Что касается русской литературы, то в Греции в это время она ко мне в руки не попала, за исключением «Рассказа о семи повешенных» Леонида Андреева, в котором я тогда мало что понял. С Достоевским, Толстым, Чеховым и другими русскими писателями я познакомился уже позже, в Америке, где читал их в английском переводе.
Библиотеки в Психико в то время не было. Она появилась только много позже, в 1970-х годах, когда местный муниципалитет приспособил под библиотеку заброшенный дом писателя Космаса Политиса. После войны в среде школьников царила культура «нечитающих». Да и какое могло быть чтение, когда на улицах валялись горы брошенной амуниции и можно было хвастаться перед друзьями своими находками? О литературе мы не говорили, книгами не обменивались, читали втайне друг от друга то, что имелось дома на иностранных языках.

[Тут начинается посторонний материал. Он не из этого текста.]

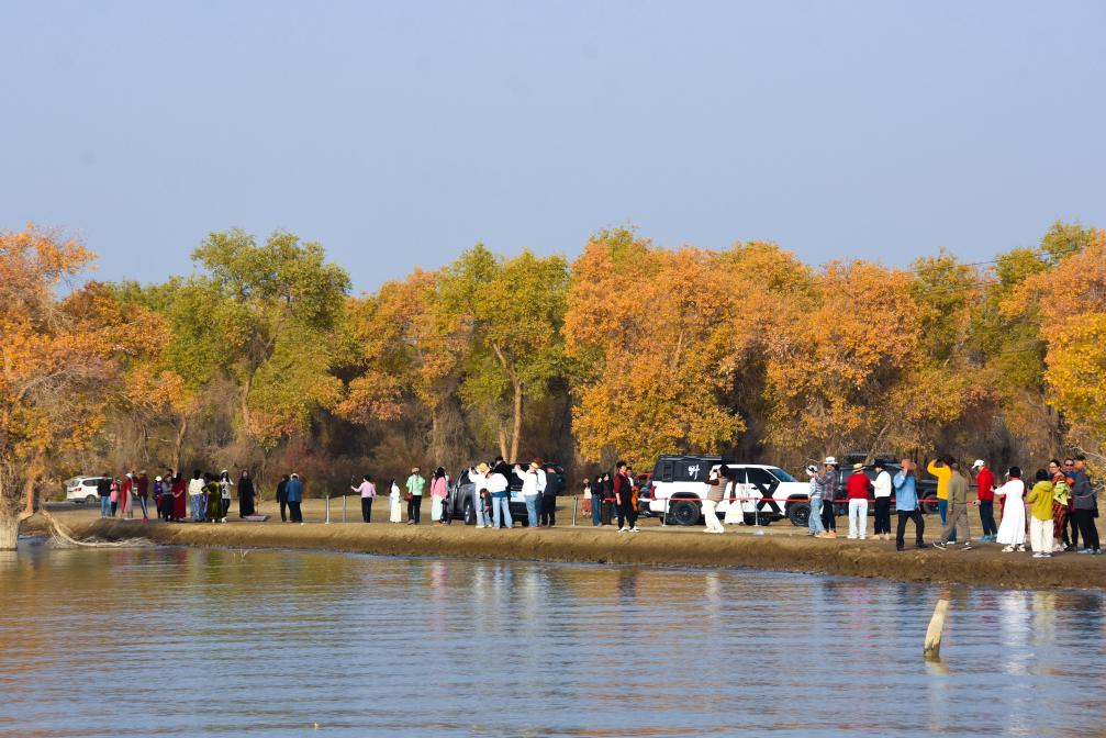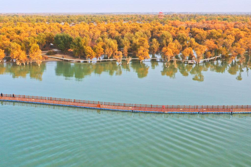 10月22日,游客在新疆阿克苏地区沙雅县沙雁洲景区内的胡杨林中游览。新华社记者 贺小童 摄

В начальной школе Психико я проучился до десяти лет и, окончив ее в 1945 году, перешел на следующую ступень – в лицей. Лицейское образование я получал в уже упоминавшемся мной «Афинском колледже», созданном с помощью семей Бенакис и Делта. «Афинский колледж» был и остается для греков их собственным «Итоном». Мальчиков записывали туда с рождения. Из «Афинского колледжа» вышли несколько греческих премьер-министров и многие министры, а также большинство греческой профессуры, осевшей в европейских и американских университетах.

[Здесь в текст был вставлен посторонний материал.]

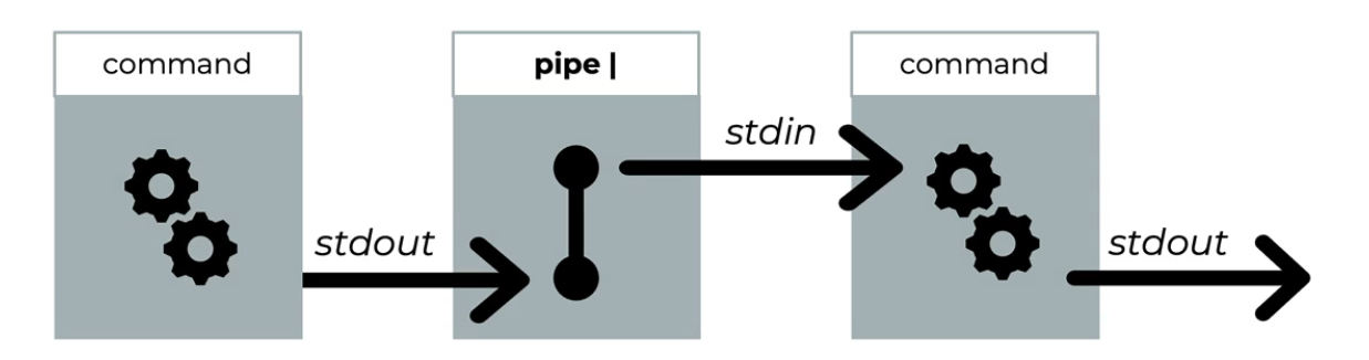 stdout) of one command into the standard input (stdin) of another command- So you can chain multiple commands together and build more complex functionalities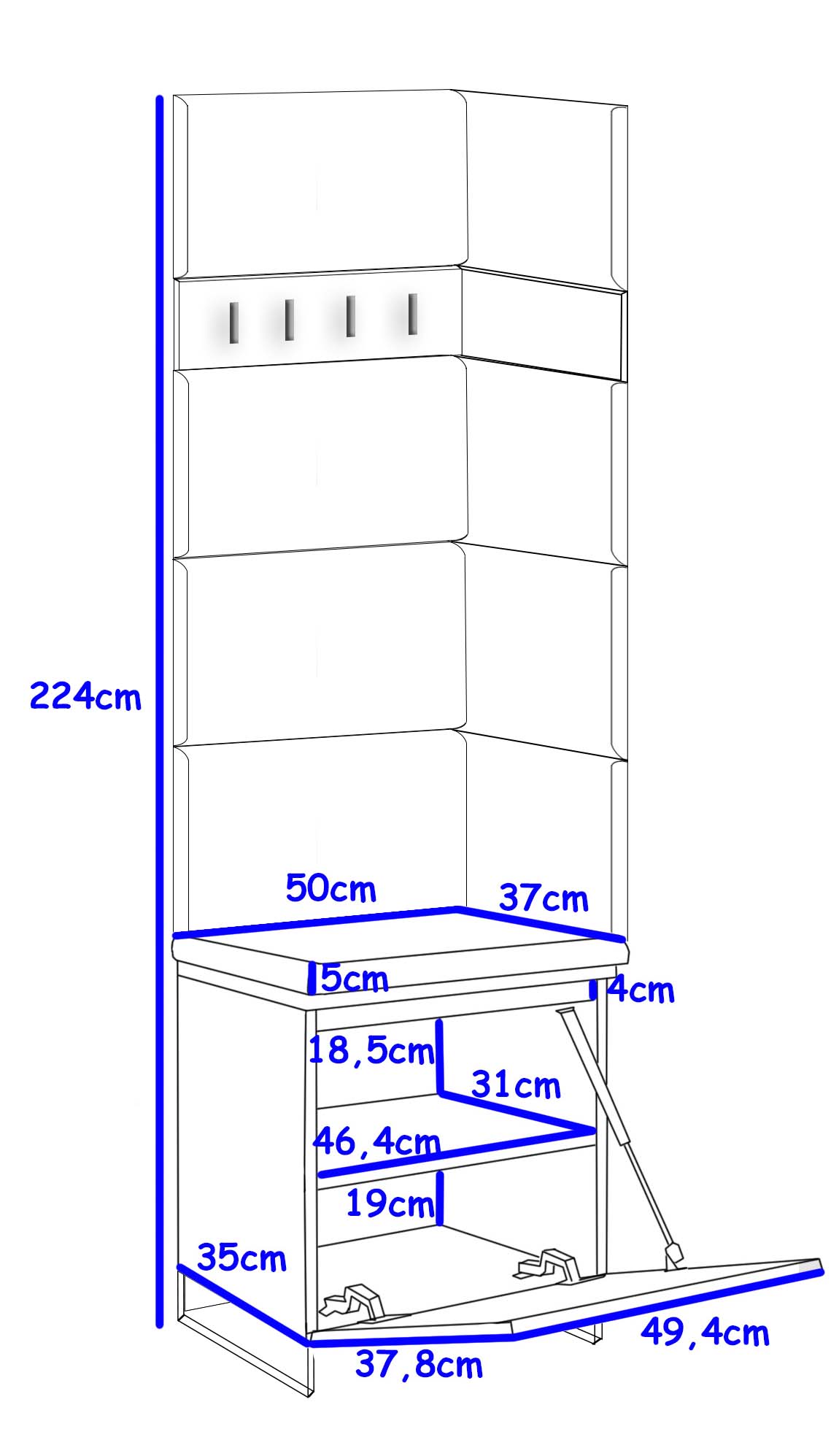 Wymiary szafki na buty z siedziskiem Megan 1P

В «Афинском колледже» я учился в течение пяти лет, вплоть до 1950 года. Там все же поддерживался определенный баланс между греческой и западной культурами, поскольку мы сочетали освоение греческих классиков с подготовкой к жизни в современном мире с помощью углубленного изучения английского языка. Колледж придерживался американских подходов к образованию. Тогда считалось, что американская система образования более прогрессивная, нежели греческая, не в последнюю очередь благодаря интенсивным занятиям командными видами спорта, формирующими характер и гражданский дух. Должен, кстати, признаться, что к этим занятиям я относился без большого энтузиазма, предпочитая им более древнюю греческую традицию спортивного единоборства. Помню, что особенных успехов я добился в греко-римской борьбе и считался чемпионом школы в своем возрасте и весе.
Кроме того, в организации школьной жизни в «Афинском колледже» использовались некоторые американские практики, призванные формировать у учащихся навыки социального общения и демократического участия. Поэтому в каждом классе был избранный ученик-«президент», который вел тематические обсуждения и координировал разные внеклассные мероприятия. Я был таким «президентом» в своем классе в течение трех лет.

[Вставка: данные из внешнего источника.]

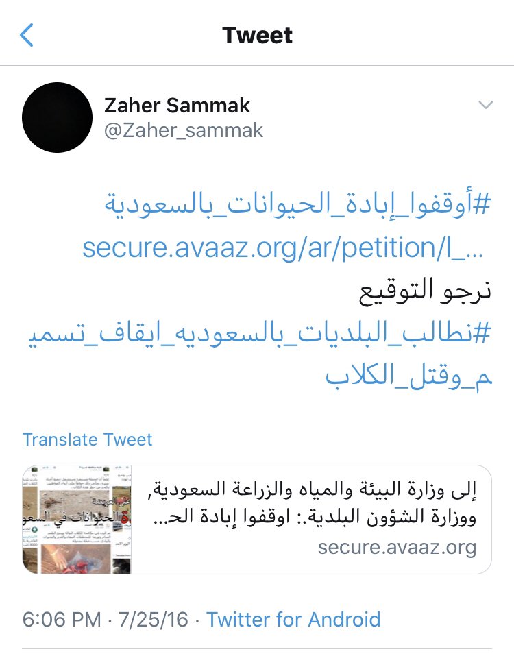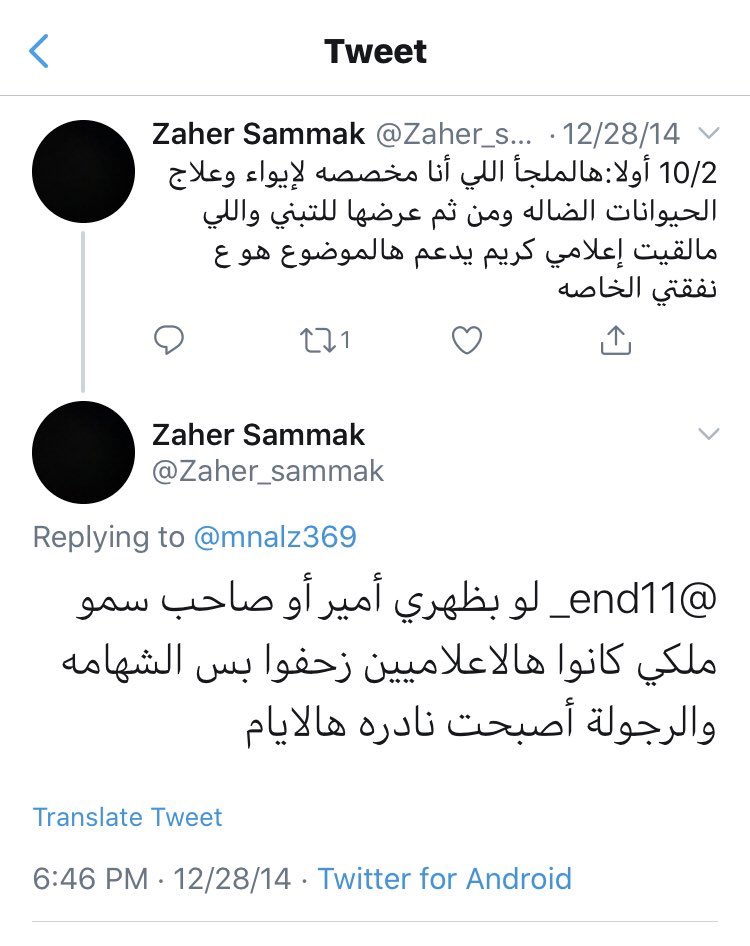 زاهر سماك مقيم فلسطيني بالرياض ظهر منذ سنوات بوسائل التواصل الاجتماعي يبحث عن دعم مادي بجمع التبرعات دون ترخيص والتحويل لحساب بنكي بإسم شخص اخر لإنشاء ملجأ حيوانات دون تصريح من وزارة البيئة وتم دعمه من جهات اعلامية بعضها محلية ومستمر بنفس النشاط بدون اشراف رسمي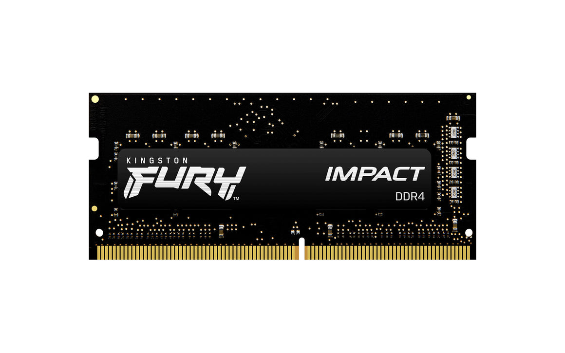 Get your notebook or small-form-factor machine fully equipped with Kingston FURY™ Impact DDR4 SODIMM and minimise system lag. Ready for AMD Ryzen™, Intel® XMP-ready and XMP Certified in kit capacities of up to 64GB, FURY Impact DDR4 features Kingston’s innovative Plug N Play* overclocking technology, which automatically engages the factory preset speed and latency timings without having to change any settings in the BIOS. Designed to run cool, quiet and efficiently at only 1.2V, these sleek black modules provide a hassle-free boost to your system’s performance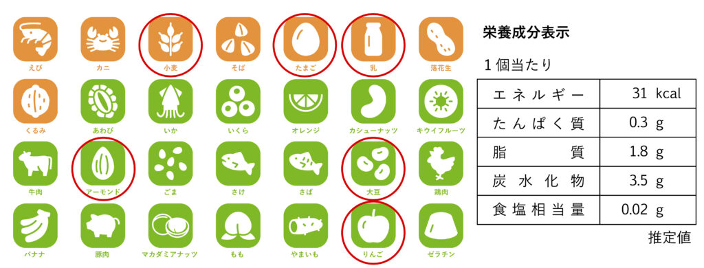 ■原材料名: 砂糖(国内製造)、ショートニング、小麦粉、液卵白、ぶどう糖、乳糖、アーモンドパウダー、水飴、りんご果汁(りんご(長野県産))、食塩/香料、膨張剤、酸味料、乳化剤、着色料(クチナシ、紅花黄)、(一部に小麦・卵・乳成分・アーモンド・大豆・りんごを含む)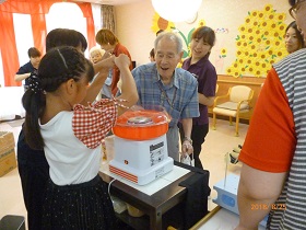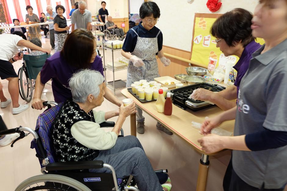 会場では流しそうめんやアイスクリーム、綿あめの他、今年の新メニューのたこ焼き風ホットケーキなどを味わって頂きました。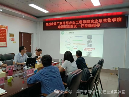 6月17日,tyc122ccvip副经理(主持工作)喻国辉研究员、申建梅教授、邵明伟副教授、何沐阳博士一行四人,赴广西壮族自治区农业科公司开展学术交流,拜访了植物保护研究所与经济作物研究所,旨在加强农业农村部华南果蔬绿色防控重点实验室共建单位之间的学术交流,提高重点实验室建设质量,推动粤桂植保学科合作迈入新阶段。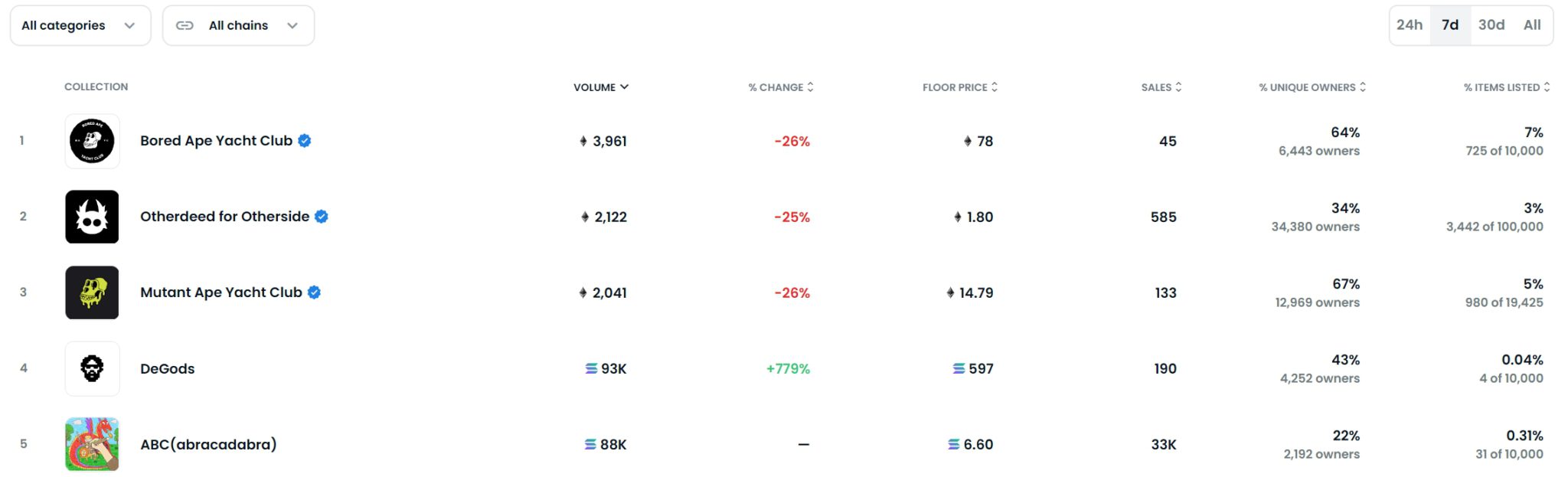 DeGods是最近7日OpenSea交易量第四大NFT项目

За время учебы в школе и лицее у меня, конечно, появились друзья. Надо сказать, что в Психико я и моя сестра были окружены детьми из очень пестрых в социальном смысле семей. С одной стороны, в нашем районе было много детей беженцев из Малой Азии. Их родители жили и работали в магазинчиках и мастерских, находившихся в помещениях закрытого старого рынка неподалеку от нашего дома.
Так, я помню, что дружил с сыновьями владельца химчистки братьями Михаилиди, а также с сыном смотрителя каменоломни Йоргосом Пицинасом.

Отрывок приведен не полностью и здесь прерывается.